P and R are the accuracy and recall rates, respectively, and β denotes the different emphases on the accuracy and recall rates. When the F_β operator reached its maximum, α was chosen as the anomaly threshold, which is expressed as Equation (14):

\underset{α_{j} \in R}{α = {a r g m a x F}_{β}}

(14)

After the anomaly threshold was determined, the threshold was compared to the anomaly score of the sequence in the verification set V_A, and the feasibility of the set threshold was evaluated through the anomaly score of the sequence. For a >α, the input sequence was classified as anomalous. For a ≤ α, the sequence was deemed normal. Based on the above analysis, a sequence anomaly detection algorithm based on the LSTM is presented in Appendix 2.

Experimental results and analysis

Experimental dataset

Abnormal data has scarcity and diversity. The abnormal data may be the abnormal vibration signals caused by abnormal knocking or impact caused by falling walls, falling foreign bodies or falling equipment in subway tunnels. It can also involve the abnormal vibration signals of sudden invasion of foreign bodies and invasion of personnel. The dataset employed in this study was the subway track vibration data set constructed in Section 2, which was normal sequence data. To consider exceptions, exceptions were added artificially. First, percussion and human invasion experiments were separately conducted at the fibre optic cable pavement site. Three kinds of abnormal data were collected, including anomalous knock, human invasion and simultaneous knock and human invasion data. Then, the collected data were labelled, pretreated and added to the subway track vibration dataset as anomalous data to obtain the simulation dataset. Regarding the dataset containing 31602 samples, two-fifths of the normal sequence data was randomly selected from the dataset as the training set N, one-fifth as the verification set V_N, one-fifth as the verification set V_A, and the remaining one-fifth as the test set T. Then, random samples obtained from the anomalous data were added to the verification set V_A and testing set T in a certain proportion. To assess the performance of the algorithm, the ratio of anomalous data ρ was set to 0.05, 0.1, 0.15, 0.2, 0.25, 0.3, 0.35, and 0.4, which were eight different abnormal proportions.

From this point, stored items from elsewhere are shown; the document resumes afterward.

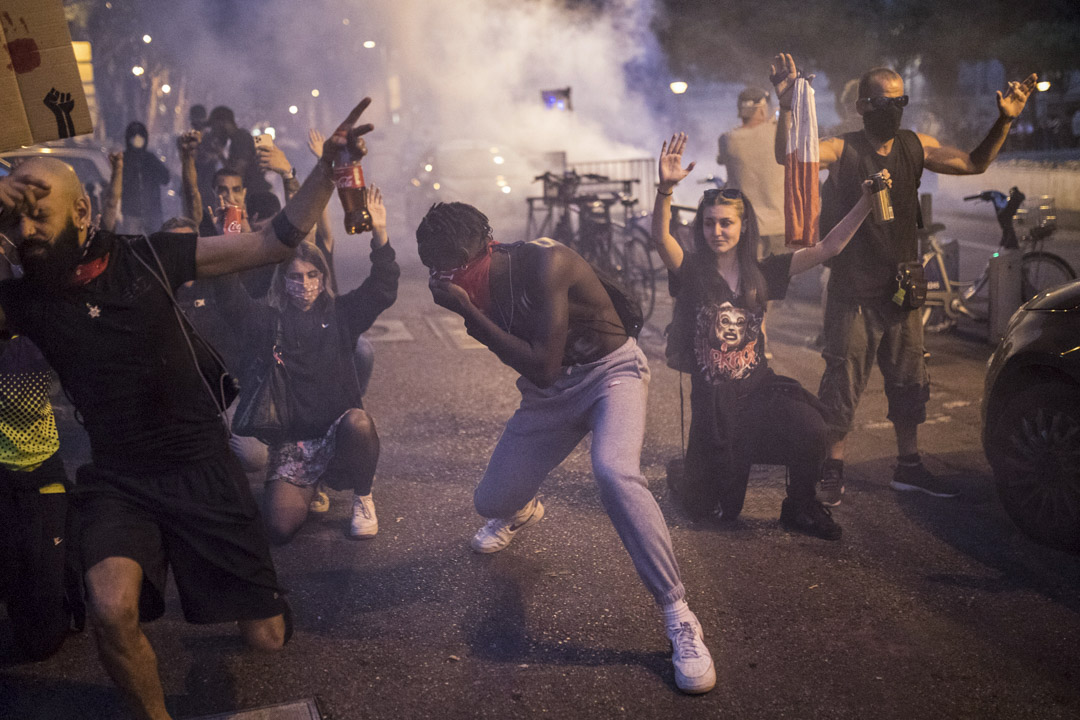 本已平静许多的波特兰,自从联邦部队7月4日进驻后,每晚都会上演猛烈的城市战争。联邦武力扔掷闪光弹、烟雾弹和催泪弹,挥舞着警棍向市民的身体上砸去,对手无寸铁的抗议者眼睛喷洒胡椒水,还将示威者押到不明身份的车里带走。
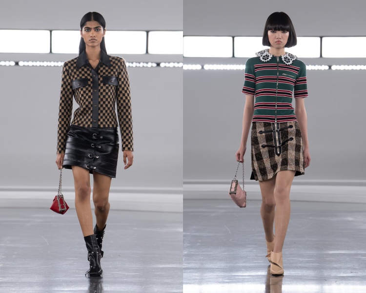 在此次 Voyager Show 目不暇給的設計中,Louis Vuitton 也不忘將其經典的「棋盤格」元素帶回到新系列的服飾中。除了極具品牌識別度的棋盤格外,此次服飾亦加入了每段冒險之旅(Voyage)中皆不可或缺的條紋圖案,像是鮮紅與海軍藍相間的V領上衣、苔蘚綠搭配紅藍長條的拉鍊上衣等。Nicolas Ghesquière 攜手藝術家孫一鈿的獨特設計,讓早秋的時尚充滿無限可能。
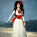 En la obra original del pintor zaragozano aparece la aristócrata, miembro de una de las mayores casas terratenientes de Europa, señalando la tierra. Con este sencillo gesto, ella se proclama dueña de la tierra.
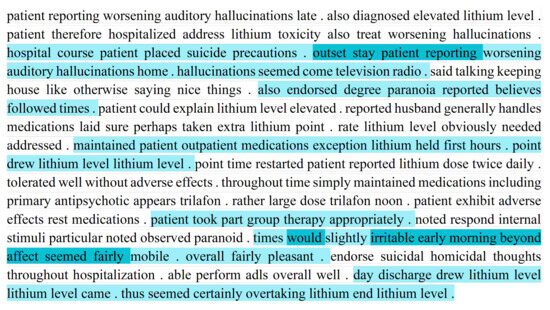 Attention weights produced by BDRO for a section of a medical note in the medical record of a bipolar patient with moderate impairment.

Hyperparametric sensitivity tuning

To improve the detection efficiency of the model, certain key hyperparameters were selected for tuning, including the sequence length, batch size and number of hidden layers. Since the Adam optimization algorithm was applied to the model, the learning rate could be automatically adjusted. Therefore, the initial learning rate was not specifically assessed. The F1 score and the area under the curve (AUC) were treated as the evaluation index of the algorithm. The experiment was conducted on the subway track vibration test set with an anomaly ratio of 0.2. The hyperparameters of the LSTM network were initially set, and a comparison was then performed of the hyperparameter sensitivity of the LSTM network. The initial number of hidden layers of the LSTM network was set to 1, the sequence length was set to 8, the batch size was set to 128, and the learning rate was set to 0.05. Experiments were conducted on the subway track vibration dataset under different sequence lengths, batch sizes and numbers of hidden layers, and the experimental results are shown in Figure 8.

Figure 8.

Experimental results of different hyperparameters.

Figure 8(a) shows the experimental effects of the different sequence lengths on the subway track vibration dataset. With increasing sequence length of the model input, the F1 score and AUC value of the subway track vibration dataset initially both increased significantly. However, when the sequence length reached 32, the F1 score declined. After the sequence length reached 40, the F1 score again increased. It is hypothesized that these changes could be attributed to model overfitting. The AUC value started to decline after the sequence length increased to 40. Considering these two indicators, the sequence length of the model was finally set to 32.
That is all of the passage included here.